Recorded data:
• • • • • • •

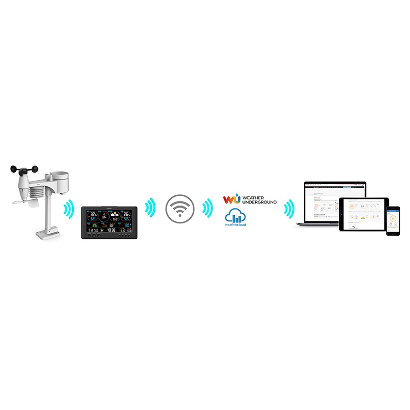 Obții rapid o imagine completă a vremii din curtea ta cu stația meteo profesională WiFi Sencor SWS 12500. Sistemul include senzor 7-în-1 și îți arată pe ecranul color TRUE BLACK valorile esențiale: temperatură, umiditate, vânt, precipitații, UV și intensitatea luminii. În plus, poți publica datele pe platforme precum Weather Underground și Weathercloud, pentru acces online și istoric.
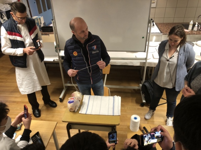 実際にルーラージュを実演して頂きました。ルーラージュ済みの鶏は市場で見たことはありますが、目の前で実際の工程を見ることが出来て研究生は興味深々でした。このようににして空気を抜けば、3週間の保存が可能となります。
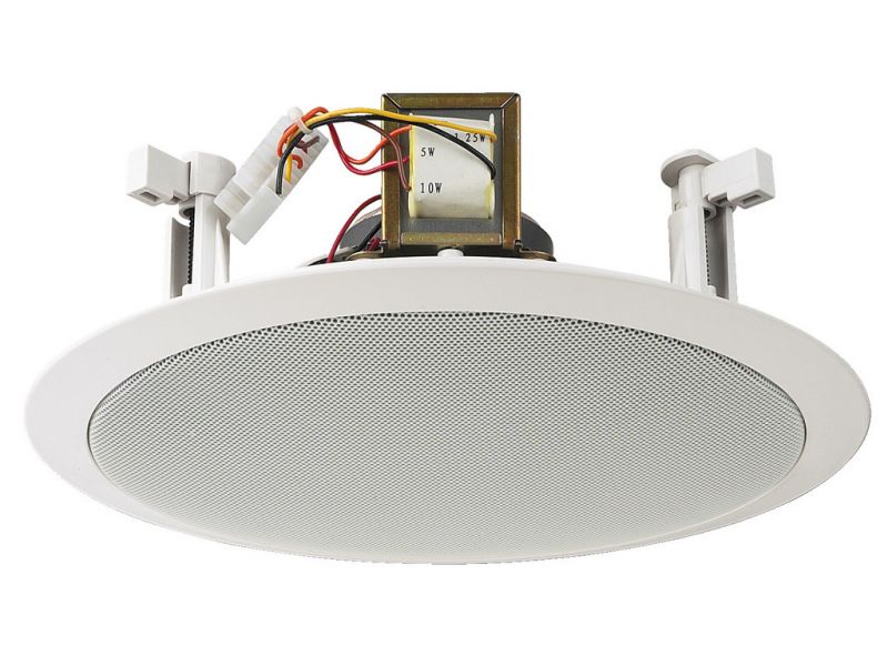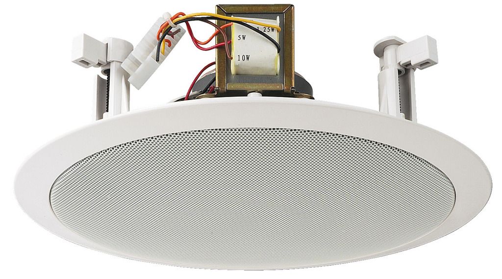 PA stropný reproduktor 100 V linková technológia cez audio transformátor s možnosťou výberu výkonu širokopásmový reproduktor s dvojitou membránou Plastové púzdro s ochrannou kovovou mriežkou Plastový materiál je ABS a samohasiaci podľa normy UL 94V-0 P...
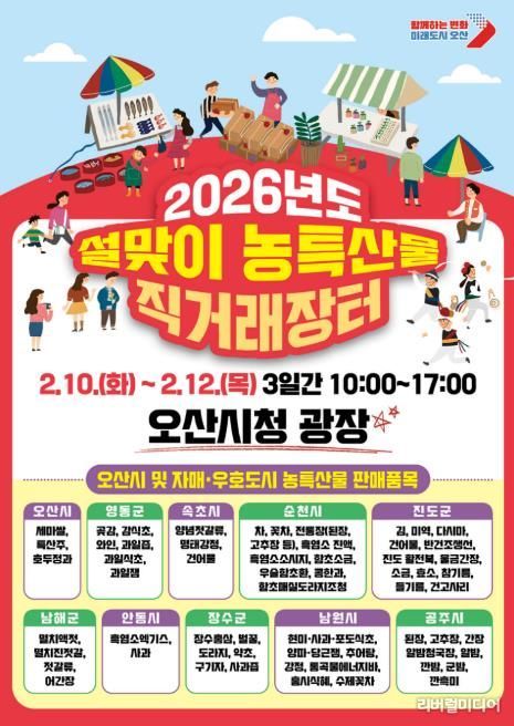 [리버럴미디어=공소리 기자] 오산시는 설 명절을 맞아 오는 2월 10일부터 12일까지 3일간, 오전 10시부터 오후 5시까지 오산시청 광장에서 자매·우호도시와 함께하는 ‘설맞이 농특산물 직거래장터’를 개최한다고 밝혔다.
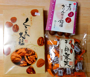 くるみ大福、かりんとう饅頭、干し柿寒天。
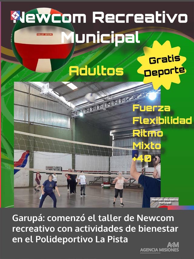AGENCIA MISIONES.UNO | En Garupá se puso en marcha un taller de Newcom recreativo que combina actividad física, masajes y un espacio de encuentro social. La propuesta se desarrolla todos los jueves desde las 8 de la mañana en el Polideportivo La Pista y está abierta a quienes deseen participar de una jornada deportiva y recreativa.

• • • • • • •

Aim of the exercise: Retype each entry precisely. Skip images entirely.

Expected answer:
 Obții rapid o imagine completă a vremii din curtea ta cu stația meteo profesională WiFi Sencor SWS 12500. Sistemul include senzor 7-în-1 și îți arată pe ecranul color TRUE BLACK valorile esențiale: temperatură, umiditate, vânt, precipitații, UV și intensitatea luminii. În plus, poți publica datele pe platforme precum Weather Underground și Weathercloud, pentru acces online și istoric.
 実際にルーラージュを実演して頂きました。ルーラージュ済みの鶏は市場で見たことはありますが、目の前で実際の工程を見ることが出来て研究生は興味深々でした。このようににして空気を抜けば、3週間の保存が可能となります。
 PA stropný reproduktor 100 V linková technológia cez audio transformátor s možnosťou výberu výkonu širokopásmový reproduktor s dvojitou membránou Plastové púzdro s ochrannou kovovou mriežkou Plastový materiál je ABS a samohasiaci podľa normy UL 94V-0 P...
 [리버럴미디어=공소리 기자] 오산시는 설 명절을 맞아 오는 2월 10일부터 12일까지 3일간, 오전 10시부터 오후 5시까지 오산시청 광장에서 자매·우호도시와 함께하는 ‘설맞이 농특산물 직거래장터’를 개최한다고 밝혔다.
 くるみ大福、かりんとう饅頭、干し柿寒天。
AGENCIA MISIONES.UNO | En Garupá se puso en marcha un taller de Newcom recreativo que combina actividad física, masajes y un espacio de encuentro social. La propuesta se desarrolla todos los jueves desde las 8 de la mañana en el Polideportivo La Pista y está abierta a quienes deseen participar de una jornada deportiva y recreativa.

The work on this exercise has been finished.